WORK REQUIRED =>
Below this line are records; write out exactly the lines from the one containing "Figure 1: Enable" through the one containing "Figure 2: Surgical", with the pictures left out.

■ ■ ■ ■ ■

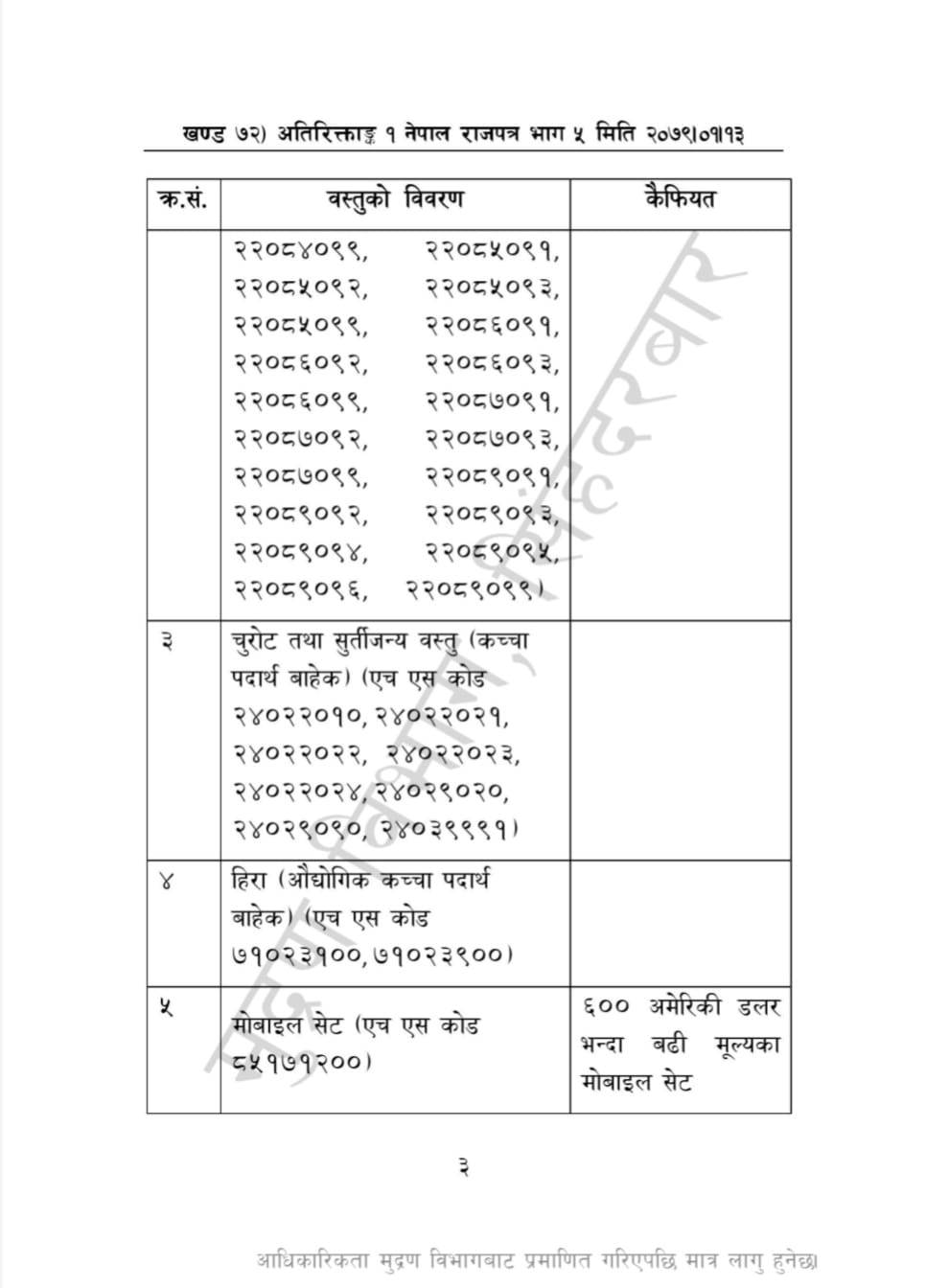 ४. हिरा (औद्योगिक कच्चा पदार्थ ल्याउन छुट)
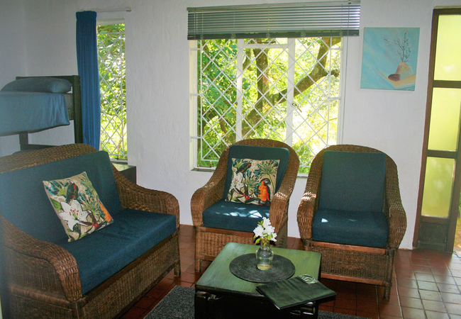 The 4-Sleeper Standard Family Chalet has a bedroom with a double bed, an open-plan living area with a set of bunk beds and equipped kitchenette, private bathroom with a separate toilet. Ideal for a family comprising two adults and two children. Private braai area and fire-pit on the banks of the river with free fire wood supplied daily.
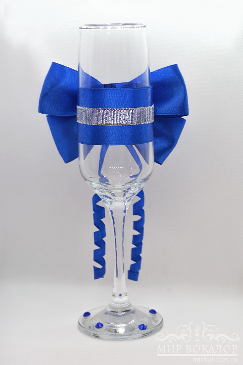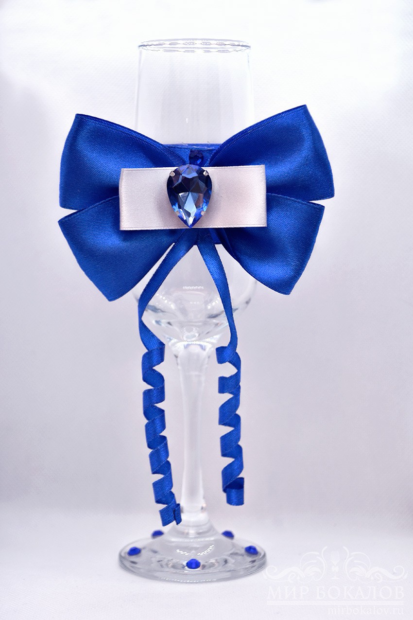 Один бокал, украшенный синей атласной лентой. Спереди бокала прикреплен большой бант из синего и белого атласа, по центру расположен большой синий камень, красиво переливающийся на свету. Сзади поверх синей атласной ленты украшен лентой из парчи серебряного цвета.
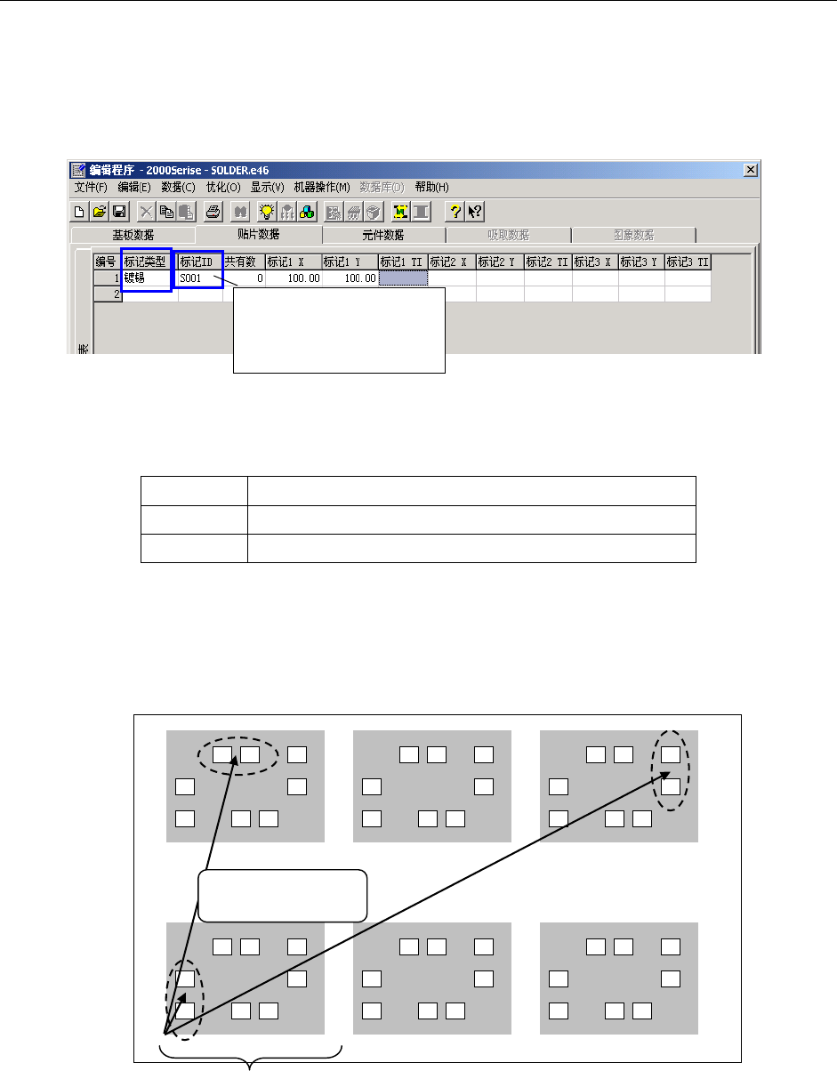 ③ 把上述①选择的贴片坐标,输入到标记坐标。
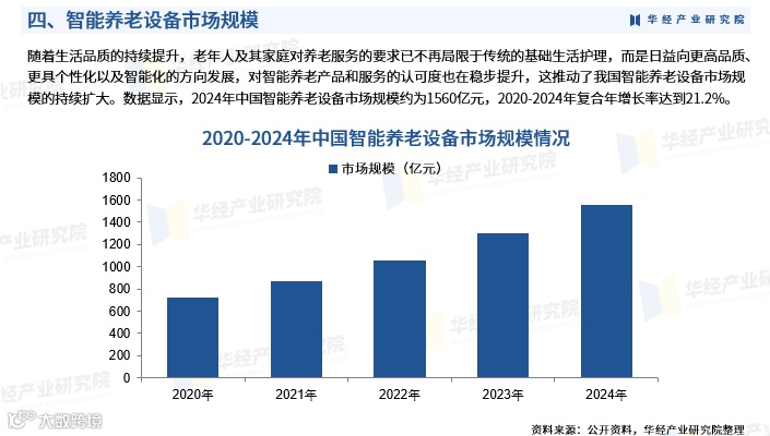 随着居民生活水平提高,老年人及其家庭对养老服务的需求已从基础照护转向高品质、个性化和智能化方向发展,对智能养老产品的接受度不断提升,推动行业快速发展。数据显示,2024年中国智能养老设备市场规模达1560亿元,2020—2024年复合年增长率达21.2%。
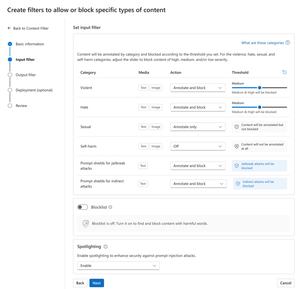 Figure 1: Enable Spotlighting in Azure AI Content Safety to detect potential indirect prompt injection attacks
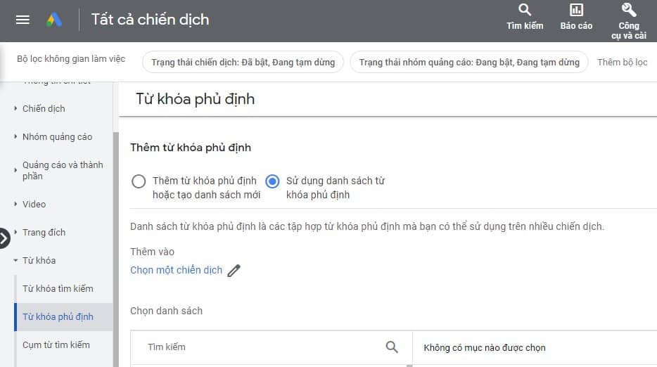 Bước 5: Chọn chiến dịch bạn muốn áp dụng danh sách từ khóa phủ định.
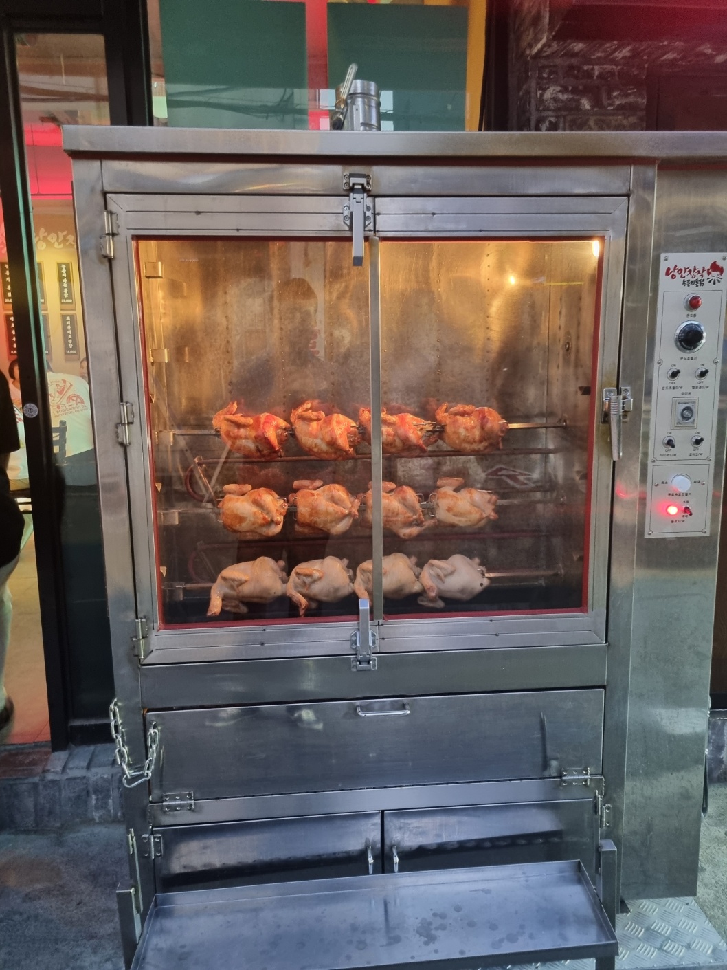가게 앞에는 통닭이 구워지는 장면 ,,,,
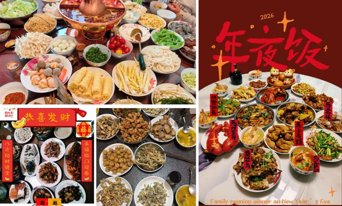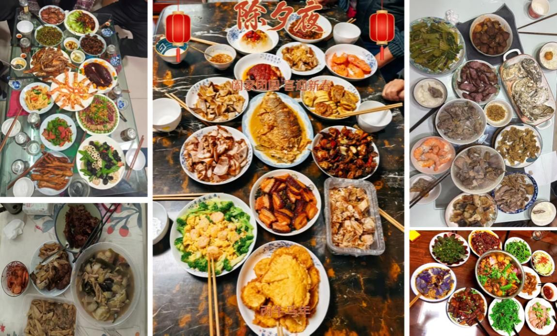 云端相聚,美食傳情。春節(jié)期間,學(xué)院工會依托微信平臺舉辦“曬美食·慶團圓·迎新春”線上美食分享活動,鼓勵學(xué)院教師用鏡頭分享自家的年夜飯、家鄉(xiāng)特色美食及春節(jié)家宴場景。除夕之夜,全院教職工隔屏相會,在歡聲笑語中迎接丙午馬年。從北方的餃子、醬肘子到南方的年糕、盆菜,從東部的海鮮大餐到西部的臘肉、火鍋——鏡頭定格的不僅是舌尖上的鄉(xiāng)愁,更是中華飲食文化的生動傳承。老師們用影像記錄年味記憶,在方寸屏幕間傳遞祝福、溫暖彼此?;顒右悦朗碁槊?,以文化為核,讓天南海北的年味在云端交融,既豐富了假期生活,也增強了學(xué)院凝聚力。
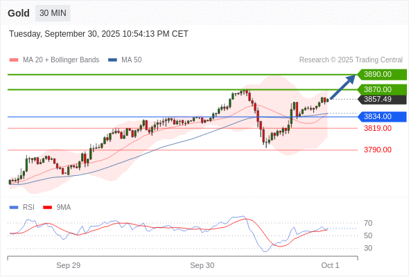 在 3834.00 之上,看涨,目标价位为 3870.00 ,然后为 3890.00 。
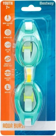 Detské okuliare Bestway Aqua Burst sú navrhnuté na prvé lekcie plávania aj každodenné vodné radovánky. Odolné šošovky z polykarbonátu chránia oči pred nárazmi a vďaka UV filtru aj pred ostrým slnkom. Úprava proti zahmlievaniu pomáha udržať jasný výhľad pod vodou.
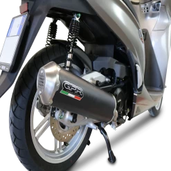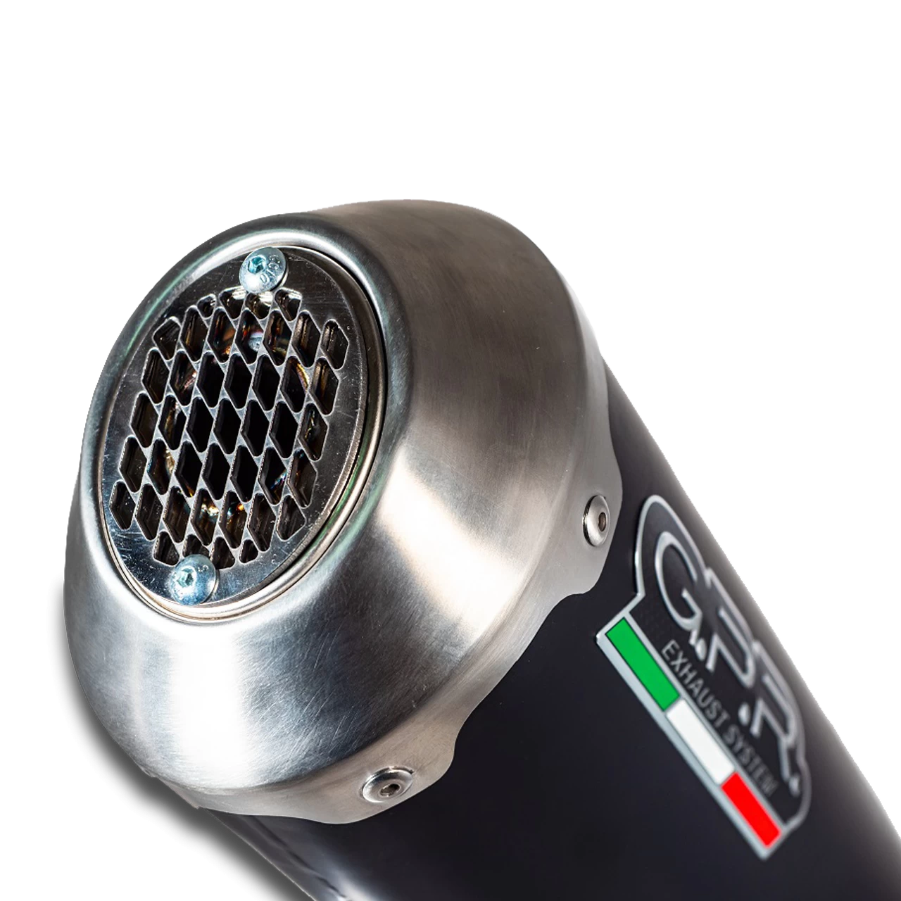 EVO4ROAD, made of 304 stainless steel with ceramic painting for high temperatures, oval shape diameter 90x120mm.. Original G.P.R. product, developed thanks to a long experience in World Motorbikes Championship, propose an innovative design, performance increase, relevant weight saving and a motorbike sound tone improvement.
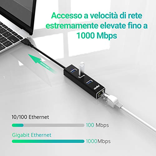 Adattatore USB 3.0 Ethernet, atolla Hub USB 3.0 con Ethernet - 3 Porte USB SuperSpeed Trasmissione Dati e Adattatore Ethernet 1000 Mbps Gigabit Lan RJ45, Supporta MacBook, iMac, XPS, Surface, Notebook
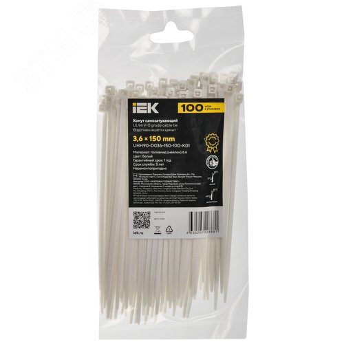Хомут P6.6 самозатухающий белый 3.6х150мм 100шт/упак IEK
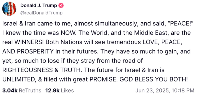 이란의 예고된 보복이 끝나자마자, 트럼프 대통령은 자신의 소셜미디어 트루스소셜을 통해 세기의 선언을 합니다. 이란과 이스라엘 간에 완전하고 전면적인 휴전이 합의되었다!
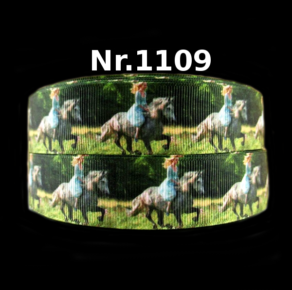 Dieses 25mm breite Band zeigt eine wunderschöne Fotografie einer Frau, die auf einem Pferd durch eine grüne Wiese reitet.
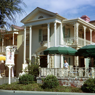 By the early 60s, the Aunt Jemima's had been expanded with a large show kitchen and glass walled seating area, covering up the former "Old West" architecture. At the same time, the Plantation House was pulled down. As early as 1962, this transitional space was being smoothed out in preparation for New Orleans Square. The new facade is now familiar to us as the Riverbelle Terrace:
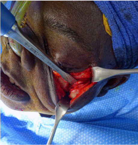Figure 2: Surgical access to the left zygoma using subciliar incision with lateral extension.
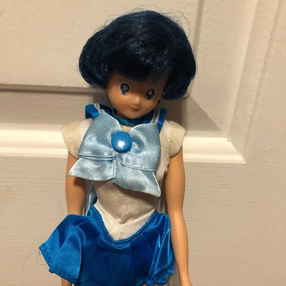 Vintage Sailor Moon Doll Mercury , Bluish black Hair with Blue & white outfit & Blue boots, Just beautiful!, Approximate 12” Tall, Excellent condition
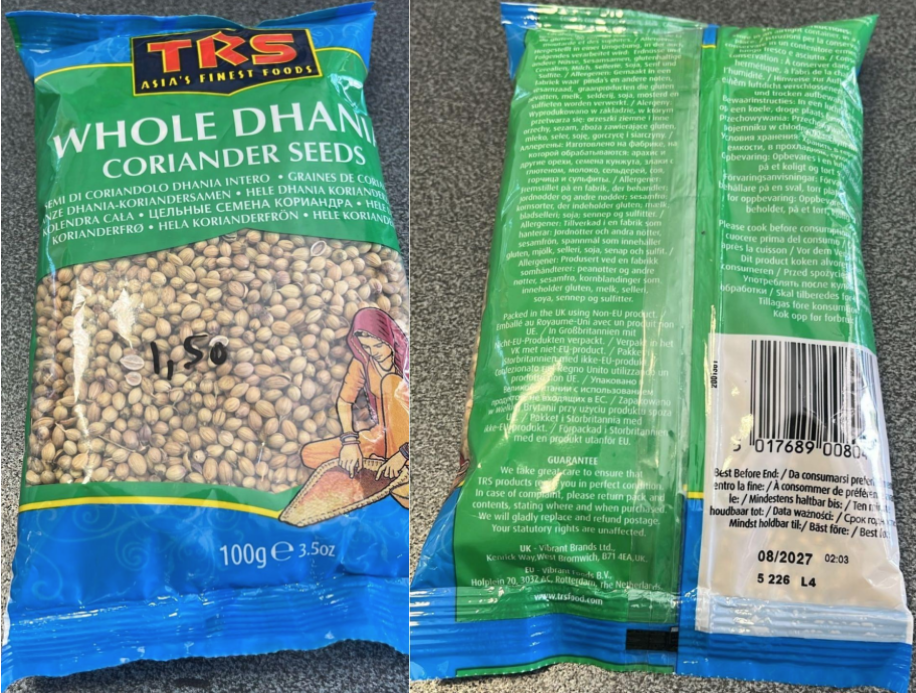 L’azienda TRS Wholesale Co. Ltd ha confezionato i semi di coriandolo richiamati in uno stabilimento nel Regno Unito.
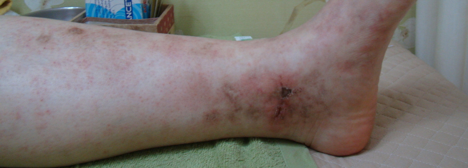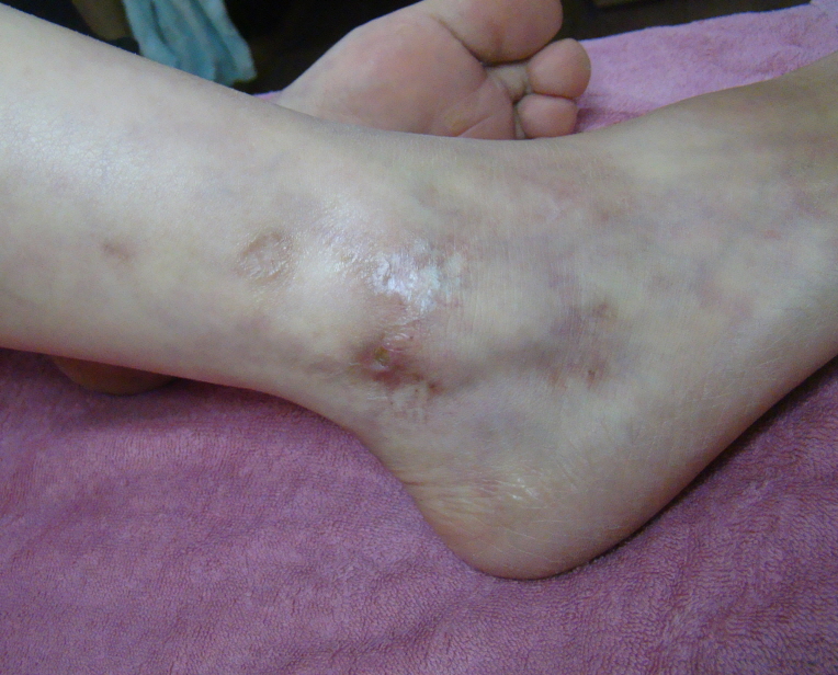<청피반성혈관장애는 주로 복숭아뼈 부근으로 궤양이 발생합니다.>
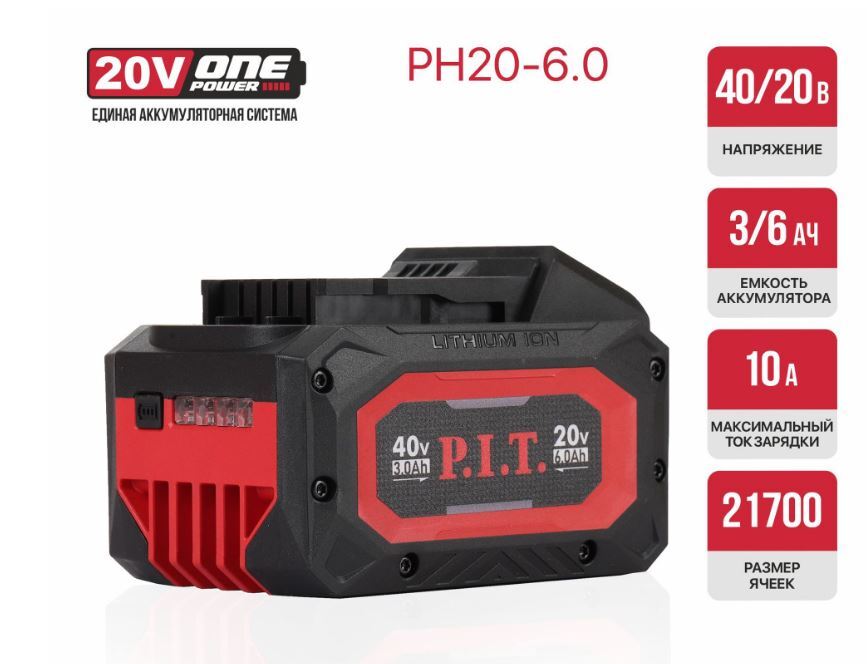 Применение: для использования с аккумуляторными инструментами P.I.T. серии OnePower напряжением 20 В и 40 В.

■ ■ ■ ■ ■

WRITTEN RESPONSE =>
 Figure 1: Enable Spotlighting in Azure AI Content Safety to detect potential indirect prompt injection attacks
 Bước 5: Chọn chiến dịch bạn muốn áp dụng danh sách từ khóa phủ định.
가게 앞에는 통닭이 구워지는 장면 ,,,,
 云端相聚,美食傳情。春節(jié)期間,學(xué)院工會依托微信平臺舉辦“曬美食·慶團圓·迎新春”線上美食分享活動,鼓勵學(xué)院教師用鏡頭分享自家的年夜飯、家鄉(xiāng)特色美食及春節(jié)家宴場景。除夕之夜,全院教職工隔屏相會,在歡聲笑語中迎接丙午馬年。從北方的餃子、醬肘子到南方的年糕、盆菜,從東部的海鮮大餐到西部的臘肉、火鍋——鏡頭定格的不僅是舌尖上的鄉(xiāng)愁,更是中華飲食文化的生動傳承。老師們用影像記錄年味記憶,在方寸屏幕間傳遞祝福、溫暖彼此?;顒右悦朗碁槊?,以文化為核,讓天南海北的年味在云端交融,既豐富了假期生活,也增強了學(xué)院凝聚力。
 在 3834.00 之上,看涨,目标价位为 3870.00 ,然后为 3890.00 。
 Detské okuliare Bestway Aqua Burst sú navrhnuté na prvé lekcie plávania aj každodenné vodné radovánky. Odolné šošovky z polykarbonátu chránia oči pred nárazmi a vďaka UV filtru aj pred ostrým slnkom. Úprava proti zahmlievaniu pomáha udržať jasný výhľad pod vodou.
 EVO4ROAD, made of 304 stainless steel with ceramic painting for high temperatures, oval shape diameter 90x120mm.. Original G.P.R. product, developed thanks to a long experience in World Motorbikes Championship, propose an innovative design, performance increase, relevant weight saving and a motorbike sound tone improvement.
 Adattatore USB 3.0 Ethernet, atolla Hub USB 3.0 con Ethernet - 3 Porte USB SuperSpeed Trasmissione Dati e Adattatore Ethernet 1000 Mbps Gigabit Lan RJ45, Supporta MacBook, iMac, XPS, Surface, Notebook
Хомут P6.6 самозатухающий белый 3.6х150мм 100шт/упак IEK
 이란의 예고된 보복이 끝나자마자, 트럼프 대통령은 자신의 소셜미디어 트루스소셜을 통해 세기의 선언을 합니다. 이란과 이스라엘 간에 완전하고 전면적인 휴전이 합의되었다!
 Dieses 25mm breite Band zeigt eine wunderschöne Fotografie einer Frau, die auf einem Pferd durch eine grüne Wiese reitet.
 By the early 60s, the Aunt Jemima's had been expanded with a large show kitchen and glass walled seating area, covering up the former "Old West" architecture. At the same time, the Plantation House was pulled down. As early as 1962, this transitional space was being smoothed out in preparation for New Orleans Square. The new facade is now familiar to us as the Riverbelle Terrace:
Figure 2: Surgical access to the left zygoma using subciliar incision with lateral extension.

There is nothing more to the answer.